Data Quality Overview

Data has become a new type of important asset that Internet enterprises rely on and the quality of the data is directly related to the accuracy of information and also the survival and competitiveness of an enterprise.


Data quality management refers to a set of processing guidelines for measuring, improving, and verifying data quality as well as integrating organizational data. The characteristics of the large volume, fast speed, and diversity of IoT data determine the processing requirements for the quality of IoT big data, which is different from the quality management methods of traditional data management.

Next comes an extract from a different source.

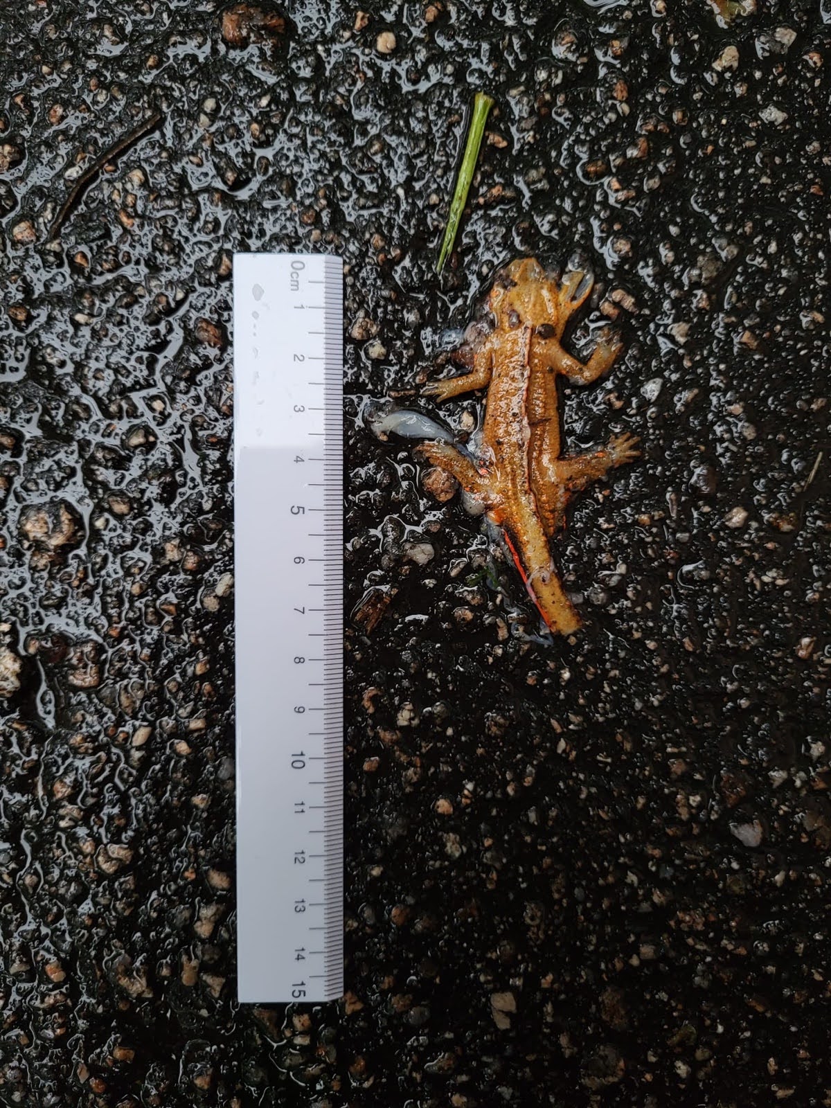 香港瘰螈受《野生動物保護條例》保護,在《國際自然保護聯盟瀕危物種紅色名錄》中被評為「近危物種」,代表將來有瀕危或滅絕的危機。香港瘰螈體內含有河豚毒素,其腹部上的橙色斑點是警告色,以警示捕獵者。牠們在香港幾乎沒有天敵,壽命可達十數年,生命卻因城市發展受威脅。剛過去的清明節,記者隨策展人馮漢城(阿城)及嶺南大學科學教研組助理教授劉彥芹博士,一行十數人沿着飛鵝山道漫步上山考察,親眼見證香港瘰螈的葬身處。考察當日,飛鵝山道車道繁忙,不時出現人車爭路的情況,由山腳到山腰,短短一公里路程已發現十多隻小動物被車輛碾斃,其中三隻是香港瘰螈。被路殺的野生動物中,除香港瘰螈外,還有變色樹蜥、黑眶蟾蜍、長尾南蜥及橫紋鈍頭蛇等。有記者問道,牠們為甚麼會在此處橫過馬路?劉博士解釋:「主要係條馬路穿過咗佢哋(野生動物)嘅棲息地。」阿城形容,這是季節性的路殺現象。每年三、四月是香港瘰螈遷徙的高峰期,遷徙季節的瘰螈特別活躍,因橫過馬路而被路殺的個案也特別多。清明節過後的週末下着大雨,劉博士的路殺科學研究團隊於4月6日再度上山調查,在潮濕的天氣下,發現在同樣路段,被路殺的香港瘰螈數量大增,有超過六十尾瘰螈被碾平。

Data Quality Assessment Dimensions

Currently, EnOS supports the following data quality assessment dimensions.

  • Completeness

    Data is complete and no information is missed. For example, the personnel information data should completely cover gender, age, and the measurement point data of the day should be fully uploaded.

  • Accuracy

    Data is accurate and acceptable. For example, the age of the personnel should be within an acceptable range.

  • Timeliness

    Data is uploaded to the cloud with no latency.


For a detailed description of the data quality dimensions and review the data quality report, see Viewing the Data Quality Report.

Product Advantages

  • Multi-dimensional data quality assessment
  • Visualized data quality report query

Usage Limit

The data quality rules are set by configuring the relevant stages in the stream data processing jobs.